▶ [Task]:
For this exercise, reproduce only the lines from the one holding "Emerald and Natural" through the final line of the data below, exactly, and omit pictures.

▶ [Collected data]:
*** Block opens ***

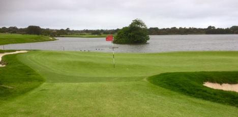 Hull 1 er et krevende par 4 hull under slike forhold med en enorm innsjø dels foran og langs hele venstre side. Hele høyre side består av en waste bunker i en skråning.
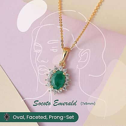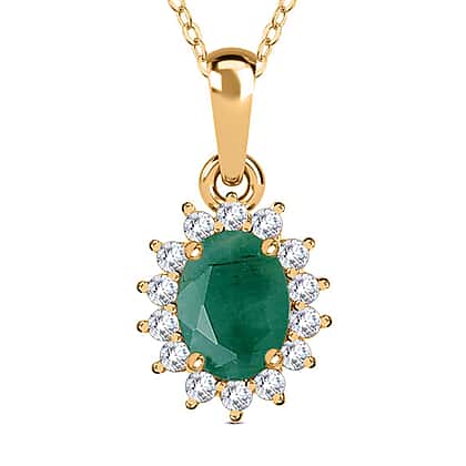 Emerald and Natural Zircon Halo Pendant with Chain (Size 20) in 18K Yellow Gold Vermeil Plated Sterling Silver 1.03 Ct
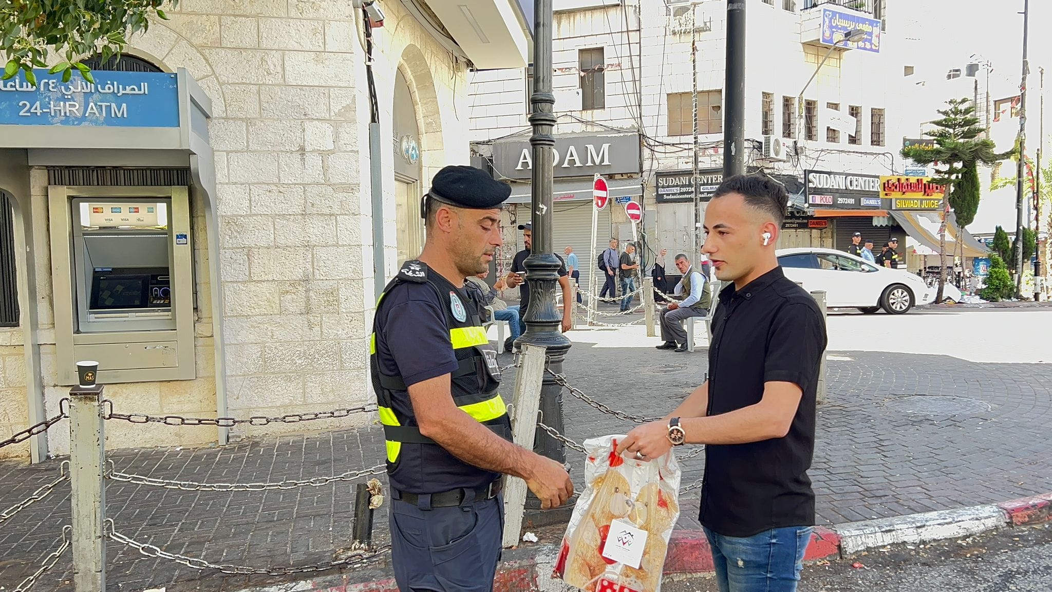 وتبادل منتسبو ومتطوعون المؤسسة مع رجال الشرطة التهنئة بحلول عيد الأضحى، والتمنيات والدعاء لشعبنا الفلسطيني بقبول الطاعات والعبادات خصوصاً في هذه المرحلة العصيبة التي تمر على شعبنا .

*** Block closes ***

▶ [Result below]:
 Emerald and Natural Zircon Halo Pendant with Chain (Size 20) in 18K Yellow Gold Vermeil Plated Sterling Silver 1.03 Ct
 وتبادل منتسبو ومتطوعون المؤسسة مع رجال الشرطة التهنئة بحلول عيد الأضحى، والتمنيات والدعاء لشعبنا الفلسطيني بقبول الطاعات والعبادات خصوصاً في هذه المرحلة العصيبة التي تمر على شعبنا .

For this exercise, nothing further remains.